After building their own home from the super-hardened concrete husk of an Atlas-E launch site, the Peden’s decided to help others who shared their dream of living in a place that could withstand multi-megaton blasts. Looking at the specs on the properties, it’s easy to see the appeal: huge amounts of floor space, ample land as part of the deal, easy heating and cooling, and the James Bond appeal of living in a secret underground lair. The site also touts the unique, collectibility of these properties as well. They claim that due to the provisions of international treaties sites decomissioned after 1965 are being imploded, making these properties exceedingly rare.
Though understandably desirable, the features of these unique properties are often a strange mix of the mundane and the bizarre.

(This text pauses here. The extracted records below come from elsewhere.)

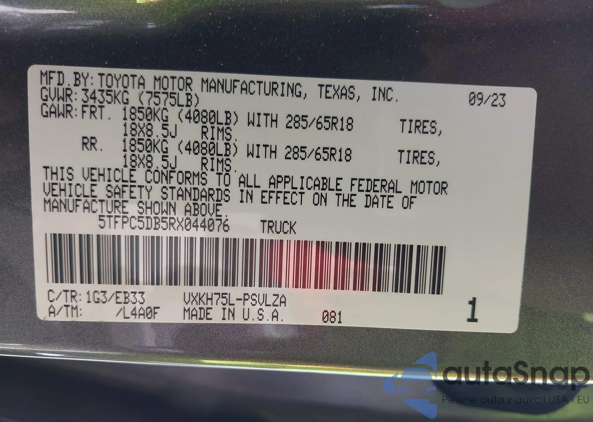 • VIN 5TFPC5DB5RX044076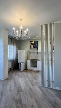 Сдаю квартиру с качественным ремонтом. Планировка полу-студийная, кухня объединена с гостиной +спальня. Кондиционеры, стиральная машина, раскладывающий диван, в кухни встроенная техника. В отдельной комнате двухспальная кровать. Ванная комната с душевой кабиной, стиральная машина имеется. Балкон с частичным видом на город. Уютная и чистая квартира.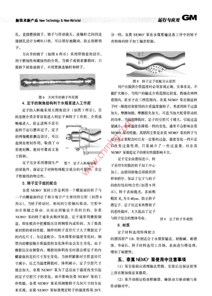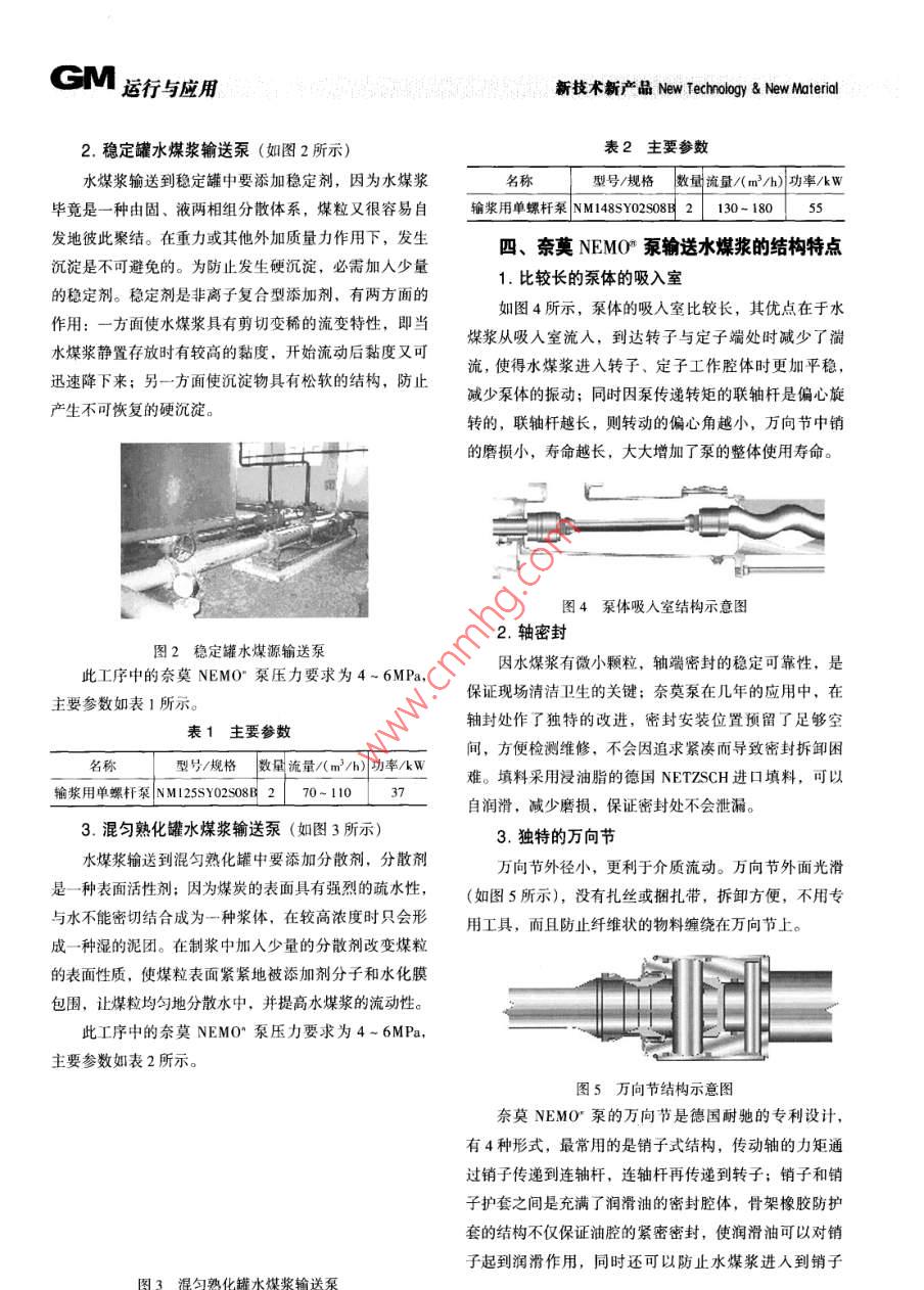 新技術(shù)新產(chǎn)品 New Technology& New Material運行5應(yīng)GM奈莫NEMO"泵在水媒漿生產(chǎn)線應(yīng)用的探討德國耐馳(蘭州)泵業(yè)有限公司(甘肅730000)魏建勝【摘要】主要介紹了水煤漿的技術(shù)特性、制備工藝,奈莫泵的結(jié)構(gòu)特征和結(jié)構(gòu)特點,輸送水煤漿的安全性、可靠性、穩(wěn)定性的比較和論述。奈莫NEMO°泵是近年來水煤漿生產(chǎn)線實現(xiàn)連續(xù)化,微機控制自動化生產(chǎn)的可靠輸送設(shè)備?!娟P(guān)鍵詞】水煤漿輸送設(shè)備特點應(yīng)用優(yōu)勢、引言、水煤漿的制備工藝中使用奈莫NEMO水煤漿是20世紀(jì)70年代中期發(fā)展起來的一種新型泵的典型工序煤基流體潔凈環(huán)保燃料,既保留了煤的燃燒特性,又具水煤漿制漿工藝通常包括破碎、磨礦、攪拌與剪備了類似重油的液態(tài)燃燒應(yīng)用特點。它是以70%左右的切,以及為別除最終產(chǎn)品中的超粒與雜物的濾漿等環(huán)煤,30%左右的水,1%的化學(xué)添加劑經(jīng)過一定的加工節(jié)。磨煤是水煤漿制備過程中的關(guān)鍵環(huán)節(jié),一般水煤漿工藝混合而成,具有石油一樣的流動性和穩(wěn)定性,可以生產(chǎn)線采用的濕法球磨機工藝,從最初的球磨機出來的用泵輸送。奈莫NEMO泵是德國耐馳公司生產(chǎn)的容積原料水煤漿一直到穩(wěn)定處理,均勻熟化再到儲漿罐都要式單螺桿泵,其在世界上的注冊商標(biāo)為奈莫NEMO"泵使用奈莫NEMO泵輸送,而在各工序中奈莫NEMO在歐洲的水煤漿生產(chǎn)線已成功應(yīng)用多年。其全資子公司泵的選型又有其特點。耐馳(蘭州)泵業(yè)有限公司于1993年開始在中國生產(chǎn)1.緩沖桶水煤漿輸送泵(如圖1所示)銷售奈莫NEMO泵;195年開始在我國水煤漿生產(chǎn)廠從球磨機出來的水煤漿經(jīng)緩沖桶中緩沖,然后泵送及發(fā)電廠生產(chǎn)線中使用,經(jīng)過近幾年的研究探索和不斷到穩(wěn)定罐,緩沖桶中的水煤漿基本沒有添加劑,很容易的改進(jìn),奈莫泵在水煤漿生產(chǎn)線的使用日趨穩(wěn)定,安沉淀;所以在泵的選型中應(yīng)多考慮泵的超壓問題,通常全、長壽命的特點使奈莫NEMO·泵成為水煤漿生產(chǎn)泵的設(shè)計出口壓力為0.3~0.6MPa,但在實際應(yīng)用中泵廠、發(fā)電廠連續(xù)化、自動化生產(chǎn)的首選輸送設(shè)備。在起動的前50s要達(dá)到0.8MPa;所以泵選型時要保證二、奈莫NEMO”泵輸送的水煤漿的主要泵的出口壓力,功率滿足0.8M的要求。技術(shù)指標(biāo)項目質(zhì)量濃度(%)66±2黏度/mPa·s(100s)1200±200粒度上限/m平均粒度38-45灰分Ad(%)<10.0硫分Std(%)揮發(fā)分vdaf(%)28發(fā)熱量Qaet,ar/(MJk8.84-19.26灰熔點ST/℃1270-1300急定期/d圖1緩沖桶水煤漿輸送泵運行與應(yīng)用新技術(shù)新產(chǎn)品 New Technology& New Material2.穩(wěn)定罐水煤漿輸送泵(如圖2所示)表2主要參數(shù)水煤漿輸送到穩(wěn)定罐中要添加穩(wěn)定劑,因為水煤漿名稱型號/規(guī)格數(shù)量流量(m3/h)功率kW畢竟是一種由固、液兩相組分散體系,煤粒又很容易自輸漿用單螺桿NM14332101815發(fā)地彼此聚結(jié)。在重力或其他外加質(zhì)量力作用下,發(fā)生四、奈莫NEMO泵輸送水煤漿的結(jié)構(gòu)特點沉淀是不可避免的。為防止發(fā)生硬沉淀,必需加入少量比較長的泵體的吸入室的穩(wěn)定劑。穩(wěn)定劑是非離子復(fù)合型添加劑,有兩方面的作用:一方面使水煤漿具有剪切變稀的流變特性,即當(dāng)如圖4所示,泵體的吸入室比較長,其優(yōu)點在于水煤漿從吸入室流入,到達(dá)轉(zhuǎn)子與定子端處時減少了湍水煤漿靜置存放時有較高的黏度,開始流動后黏度又可流,使得水煤漿進(jìn)入轉(zhuǎn)子、定子工作腔體時更加平穩(wěn),迅速降下來;另一方面使沉淀物具有松軟的結(jié)構(gòu),防止減少泵體的振動;同時因泵傳遞轉(zhuǎn)矩的聯(lián)軸桿是偏心旋產(chǎn)生不可恢復(fù)的硬沉淀。轉(zhuǎn)的,聯(lián)軸桿越長,則轉(zhuǎn)動的偏心角越小,萬向節(jié)中銷的磨損小,壽命越長,大大增加了泵的整體使用壽命。圖4泵體吸入室結(jié)構(gòu)示意圖2.軸密封圖2穩(wěn)定罐水煤源輸送泵因水煤漿有微小顆粒,軸端密封的穩(wěn)定可靠性,是此工序中的奈莫NEMO”泵壓力要求為4-6MPa保證現(xiàn)場清潔衛(wèi)生的關(guān)鍵;奈奠泵在幾年的應(yīng)用中,在主要參數(shù)如表1所示。表1主要參數(shù)軸封處作了獨特的改進(jìn),密封安裝位置預(yù)留了足夠空間,方便檢測維修,不會因追求緊湊而導(dǎo)致密封拆卸困型號/規(guī)格數(shù)量流量/(m3/h)功率/kW難。填料采用浸油脂的德囯 NETZSCH進(jìn)口填料,可以漿用單螺桿泵NM125502s08B自潤滑,減少磨損,保證密封處不會泄漏。3.混勻熟化罐水煤漿輸送泵(如圖3所示)3.獨特的萬向節(jié)水煤漿輸送到混勻熟化罐中要添加分散劑,分散劑萬向節(jié)外徑小,更利于介質(zhì)流動。萬向節(jié)外面光滑是一種表面活性劑;因為煤炭的表面具有強烈的疏水性,(如圖5所示),沒有扎絲或捆扎帶,拆卸方便,不用專與水不能密切結(jié)合成為一種漿體,在較商濃度時只會形用工具,而且防止纖維狀的物料纏繞在萬向節(jié)上。成一種混的泥團(tuán)。在制漿中加入少量的分散劑改變煤粒的表面性質(zhì),使煤粒表面緊緊地被添加劑分子和水化膜包圍,讓煤粒均勻地分散水中,并提高水煤漿的流動性此工序中的奈莫NEMO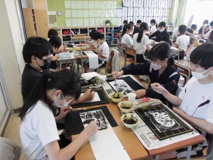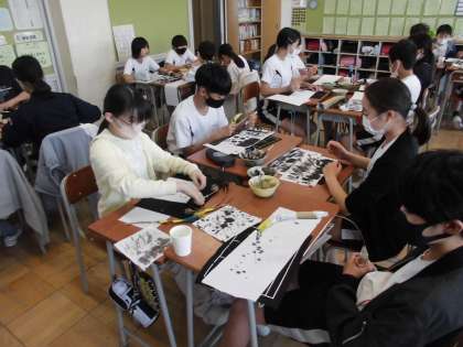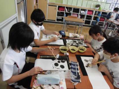 自分で作成した筆を使い、にじみや墨の広がりから、思い思いに描いていました。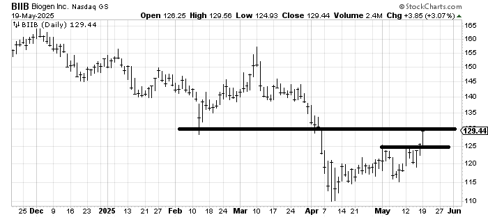 We finally got the move to resistance in Biogen BIIB–you see? Drugs are doing well in the last few days!—I would be inclined to take a little off here, and I would use a stop under 125 for the remainder.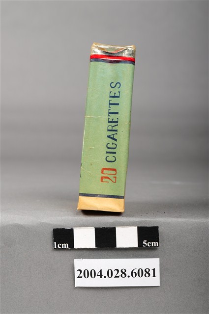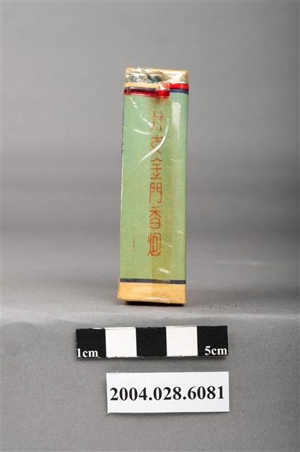 1.本物件為臺灣省菸酒公賣局代製金門香煙,為紙盒包裝,為四方體,其主要標示面皆為淡藍色底色,其中一面有品牌圖像,內有「金門」紅色字樣,並有「轉售」、「充公」藍色字樣,「代製」、「台灣省菸酒公賣局」橘色字樣,另一面則有金門島圖樣,上有1座碉堡,並有「軍用」藍色字樣,其側邊一面有「20」橘色字樣、「CIGARETTES」深藍色字樣,一面有「廾支金門香烟」橘色字樣,菸盒開封處有紙條黏貼封住,紙條上有「台灣省菸酒公賣局代製」深紅色字樣,底部有圓形圖形內有「金門」藍色字樣,物件有塑膠包裝所包覆。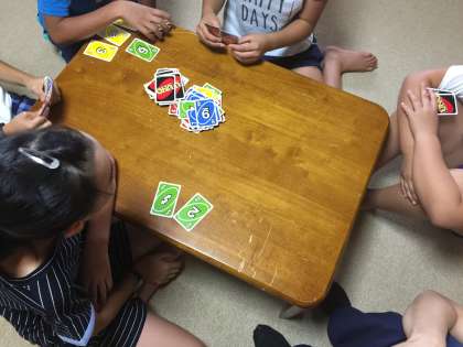 スタンツの練習が終わった班から、カードゲームで遊んでいます。ゲームは百人一首やウノやトランプです。白熱しています!
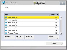 Select [Name] or [Order] to sort the URL history list in ascending or descending order.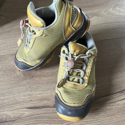 Ukjent merke joggesko for barn/unisex i størrelse 35. Skoene har gulbrun overdel med mørkere forsterkninger på tå og hæl, samt lys såle. De har hurtigsnøring med strikk og stopper, og polstret kant rundt ankelen for bedre komfort. Egnet som hverdagssko eller til lett uteaktivitet for barn i aktuell skostørrelse.

Take for instance, this description of the average Atlas-E missile base:
Heavy concrete construction with 18″ thick ceilings and walls with a 3 ft. layer of earth covering all structures make heating and cooling easy, as well as providing ample protection from storms etc. App.1500 sq. ft of floor-space with minimal stairs; the only of our structures with drive-in access. The Atlas E is the most highly desired for retrofit use. [...] The Missile Bay lies to the east, and it has outside drive-in access through a 47 ton blast door, which is 20 ft. wide and 18 ft. high.
Now, you might think that building a home inside a concrete subterranean bunker originally designed to rain atomic death on to humanity might be a little far fetched, but many have already taken up the challenge. People have turned these sterile bunkers into comfortable looking homes, one even adding his own airstrip. Not the least of these startling transformations is Jackson Heights High & Middle School. Though not a customer of 20th Century Castles, it was built on an old Atlas-E site and is a clever example of property recycling.
Some might be worried that because these sites once housed nuclear weapons, there may be some kind of lingering health risk. For the worry-wort in the family, 20th Century Castles points out:
The U.S. Army Corps of Engineers is mandated through the F.U.D.S. (Formerly Used Defense Sites) program to collect environmental data and remediate any problems on these first generations sites, giving owners information and protection as to any residual contamination issues.
So if you’ve got $200k-3mil lying around, a can-do attitude, and DIY mentality, then why wait? Buy a missile base today!